2. Penanganan infeksi oportunistik: Infeksi oportunistik seperti CMV, EBV, dan infeksi
mikobakteri dapat menyebabkan pansitopenia pada pasien dengan HIV. Terapi antimikroba
harus dimulai sesegera mungkin untuk mengobati infeksi ini.
3. Penghentian agen penyebab: Jika pansitopenia disebabkan oleh supresi sumsum tulang
akibat obat, agen penyebab harus dihentikan atau diganti dengan alternatif.
4. Transfusi darah: Transfusi darah mungkin diperlukan pada pasien dengan pansitopenia berat.
5. Faktor pertumbuhan hematopoietik: G-CSF dan EPO dapat digunakan dalam kasus
pansitopenia tertentu untuk merangsang produksi sel darah putih dan merah.
6. Transplantasi sumsum tulang: Dalam kasus pansitopenia berat dan refraktori yang jarang
terjadi, transplantasi sumsum tulang dapat dipertimbangkan.
7. Penting untuk diperhatikan bahwa penatalaksanaan pansitopenia pada pasien dengan HIV
harus dilakukan secara individual berdasarkan penyebab yang mendasari dan riwayat medis
pasien, dan harus dilakukan dengan berkonsultasi dengan penyedia layanan kesehatan yang
berpengalaman.
Daftar Pustaka:

Al-Sulaiman, A., et al. (2018).
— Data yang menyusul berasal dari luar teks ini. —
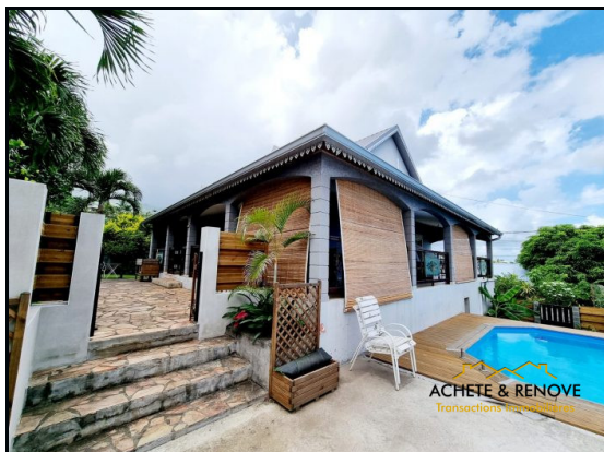
Achete&Rénove villa PLaine St Paul
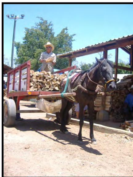
Carreta en el mercado de leña
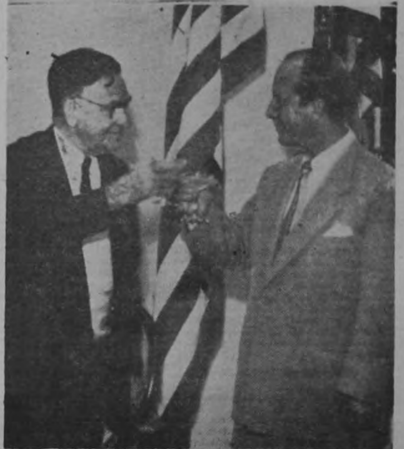
Ex-Embajador Davis brinda con el Ministro Gámez, Encargado del Ministerio de Relaciones Exteriores.

El 14 de marzo de 1922 se hacía acreditar como representante del Gobierno de los Estados Unidos en Costa Rica donde convivió con los costarricenses por 7 años. Su cariño a esta tierra lo llevó a bautizar a su hija Mercedes Tica.
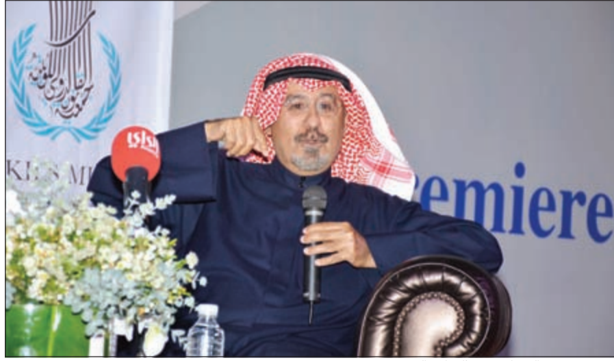
الشيخ د.محمد الصباح متحدثاً خلال الندوة

فتح مجال الأسئلة للطلبة والطلاب، فسألوا الشيخ د.محمد الصباح عن قبوله منصب الأمين العام لجامعة الدول العربية أو منصباً في الحكومة الكويتية، فرد قائلاً: «لا سأعتمد عنهما، دون ذكر الأسباب».
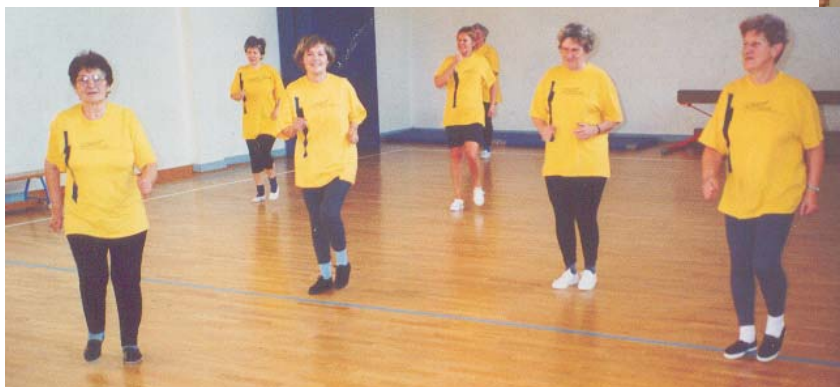
Trainingsgruppe WK 2
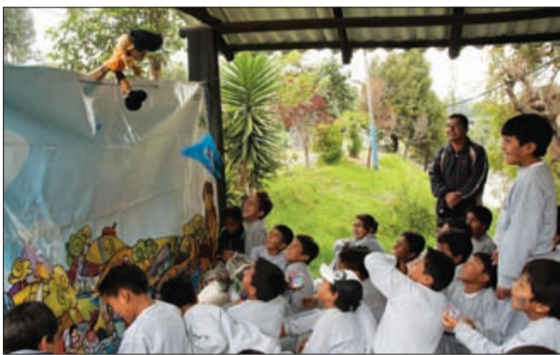
Los títeres como herramienta de sensibilización

El taller buscó insumos para elaborar los términos de referencia que permitirá contratar una consultoría que se encargue del diseño del "Corredor biológico de los paramos orientales del DMQ".
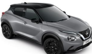
Szürke / Fekete XEX - 300 000 Ft
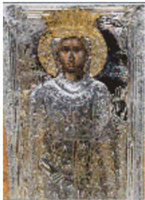
Οσία Θεοδώρα η βασίλισσα Άρτας
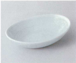
08621-316 880円 253104217 やよい精円鉢 (170×125×39mm)
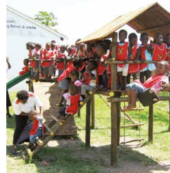
A sponsorship project for the renovation and development of a children’s in Mandeni.
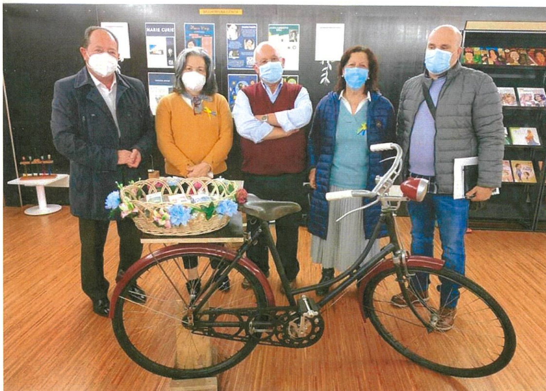
Entrega dos Valores Recolhidos na Escola na Parceria com a Junta de Freguesia

Solidariedade e objetividade é o nosso compromisso, para estarmos um passo à frente na defesa dos mais vulneráveis, seja por que razão for, que o justifique.
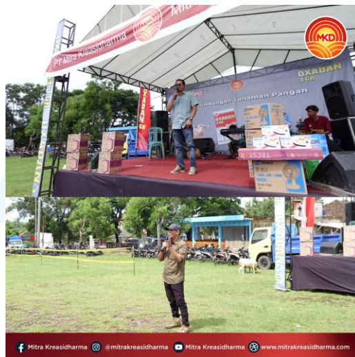
Gambar 2.3 Mitra Kreasidharma (MKD) Expo di Cidaun

Kegiatan Mitra Kreasidharma (MKD) Expo kali ini berlokasi di Jayanti, Desa Cidamar, Kecamatan Cidaun, sebagai bagian dari rangkaian peluncuran produk OXADAN 3 GR di wilayah sentra produksi bagian selatan Provinsi Jawa Barat. OXADAN 3 GR merupakan satu-satunya produk di Indonesia yang mengandung bahan aktif Oksamil, dengan mekanisme kerja sistemik pada tanaman. Kemampuan untuk mengendalikan hama yang menyerang bagian bawah maupun atas permukaan tanah yang terbukti efektif terhadap berbagai jenis serangga perusak akar dan vegetasi tanaman. Selain kegiatan peluncuran produk, acara ini juga diisi dengan hiburan bagi masyarakat sekitar, berbagai permainan interaktif, serta adanya hadiah berupa doorpize bagi peserta yang memiliki yang mengikuti kegiatan dengan syarat memiliki kupon pembelian produk (mitrakreasidharma.com,2024).

Prevalence and predictors of pancytopenia among HIV-infected
patients in Saudi Arabia: A cross-sectional study. Journal of Infection and Public Health,
11(4), 473-477. doi: 10.1016/j.jiph.2017.10.012

Erhabor, O., et al. (2020). Pancytopenia in human immunodeficiency virus infection: A review.
Journal of Blood Medicine, 11, 129-139. doi: 10.2147/JBM.S238492

Ito, J., et al. (2019). Pancytopenia in HIV-infected patients in Japan: Frequency, risk factors and
prognosis. PLoS One, 14(10), e0224031. doi: 10.1371/journal.pone.0224031

Antinori A, Larussa D, Cingolani A. HIV-Associated Hematologic Disorders. Curr Hematol Malig


Rep. 2017;12(6):556-566. doi: 10.1007/s11899-017-0407-6

Park LS, Tate JP, Rodriguez-Barradas MC, Rimland D, Goetz MB, Gibert C, Brown ST, Jain MK,
Justice AC. A cohort study of HIV-infected patients with hematologic malignancies:
incidence, mortality, and survival outcomes. AIDS Res Hum Retroviruses. 2014
May;30(5):403-10. doi: 10.1089/aid.2013.0172.

Santiago-Rodríguez EJ, Mayor AM, Fernández-Santos DM and Hunter-Mellado RF (2015). Profile


of HIV-Infected Hispanics with Pancytopenia. International Journal of Environmental
Research and Public Health, 13(1). doi: 10.3390/ijerph13010038.